Não havia nada de errado com nenhum deles. Talvez com Jacob, mas é só porque ele tinha uma carga dramática muito maior do que a de qualquer pessoa que eu já havia conhecido, e também porque eu passo mais tempo que o necessário convivendo com a presença dele. E tenho acesso aos pensamentos que eu, Eric, não deveria tomar conhecimento. Não quando se tratam da minha irmã gêmea. Acho que vou passar mal.

Mas ninguém nunca era de todo ruim. Sempre me senti parte de uma família muito mais do que na minha própria casa, mas faltava alguma coisa. E a minha atual teoria era de que eu seria mais feliz se eu conseguisse superar a necessidade de pertencer a qualquer lugar, inclusive ao grupo que era a minha referência de fraternidade, e voltasse a ser um indivíduo. Eu não me importava com a perda de poderes, de agilidade e força. Era um fardo que eu abriria mão se pudesse escolher se isso significasse o fim da minha crise de identidade tão prematura.

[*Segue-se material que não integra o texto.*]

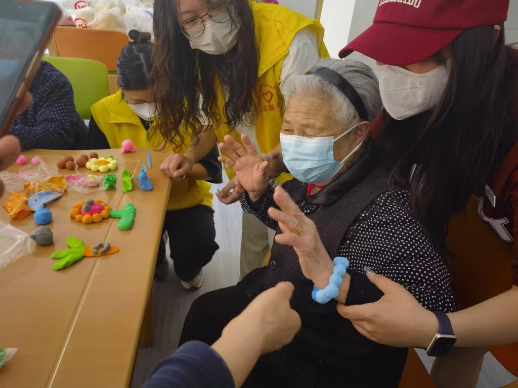 本次活动志愿者们有序分组,一方面陪伴老人一起进行黏土手工艺品的制作在制作过程中拉进与老人们的距离;伴随着服务中心播放的轻快音乐,志愿者们与老人们交心谈论,共度美好的下午时光;整个活动过程中,老人们脸上始终洋溢着幸福的笑容,这既是老人们最真实的内心写照,也是对志愿者们最甜蜜的褒奖

Eu poderia pedir ajuda a Blair se ela não fosse tão convencida. Quando ela precisa pedir um favor ela quase morre por dentro, mas se eu a procurasse pedindo qualquer tipo de guia e orientação é capaz de nunca mais ouvir o fim do discurso que ela faria para enaltecer a si mesma. Tudo bem, pode até ser verdade, ela estava ficando muito boa em tudo que tentava, mas não acho que ela precisa ser completamente esnobe. Nesse sentido éramos totalmente opostos; quanto mais inebriada de poder era melhor para ela, enquanto eu ainda guardava esse segredo sobre querer ser "normal". Seja lá o que signifique.

Mas o que quer que tenha mudado desde o fatídico dia dos recém criados, eu agradecia porque as nossas discussões cessaram e chegaram ao ponto do tolerável. Ela não parecia mais tão determinada a tornar o nosso aniversário não compartilhado um evento completamente centrado em sua mínima vergonha e mal falou sobre o assunto nos dias que se antecederam. Quem sabe assim eu teria uma chance de celebrar a minha vida por conta própria.